Les juridictions disciplinaires ne sont pas soumises aux mêmes règles que les juridictions criminelles ; de nombreux officiers avaient sollicité — Picquart lui-même[2] — et obtenu la réunion de conseils d’enquête, quand leur honneur était ou paraissait en jeu. Surtout André, en déniant toute valeur morale aux décisions des conseils d’enquête, ajoutait aux soupçons qui pesaient sur Ducassé ; et il n’y avait plus un innocent qui pût se prévaloir de la chose jugée.

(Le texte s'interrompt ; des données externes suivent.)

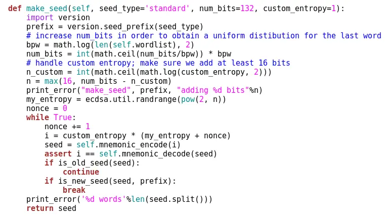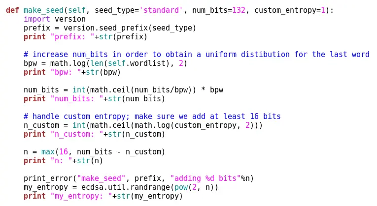 好了,现在我们知道如何生成种子,让我们看看种子生成器究竟做了什么。毕竟使用Electrum的所有人都必须依赖此代码的安全性和完整性,否则如果这些代码被写得很糟糕,你可能会损失所有的钱。因此,如果我们想在Electrum中存储大量比特币,我们必须100%信任此代码。那么让我们分析吧。

Comme André cependant maintint Ducassé au tableau d’avancement, Clemenceau lui fit de ce manque de logique un nouveau grief[3] et continua à l’insul-

  1. Lettre du 5 juin 1903 au général commandant le XIe corps d’armée, à Nantes.
  2. Voir p. 332.
  3. Aurore du 14 février 1904. — Combes, harcelé par Clemenceau, s’opposa à l’avancement de Ducassé, écrivit par deux fois (décembre 1903) à André : « Si votre qualité de ministre de la Guerre vous gêne pour prendre une résolution, laissez-moi assumer la responsabilité de l’acte. Dites hardiment, et ce sera la vérité, que j’ai mis mon veto formel… J’ai reçu hier soir la visite de M. Clemenceau qui m’a dit en substance ce qui suit : « André se propose de porter Ducassé au Tableau avec le n° 1. C’est Fallières qui a insisté auprès de lui à cet effet. Si le ministre donne suite à cette intention, il en résultera un incident des plus retentissants et des plus fâcheux. Picquart est résolu à faire un éclat. Il dira tout ce qu’il sait. Moi-même, je serai entraîné à raconter une scène qui s’est passée devant moi entre André et Picquart. » J’ai promis à Clemenceau de vous en référer. Je ne dois pas vous dissimuler que je suis fort ému de la perspective ouverte devant mes yeux. » (Lettres publiées par André dans le Matin du 10 juillet 1906.)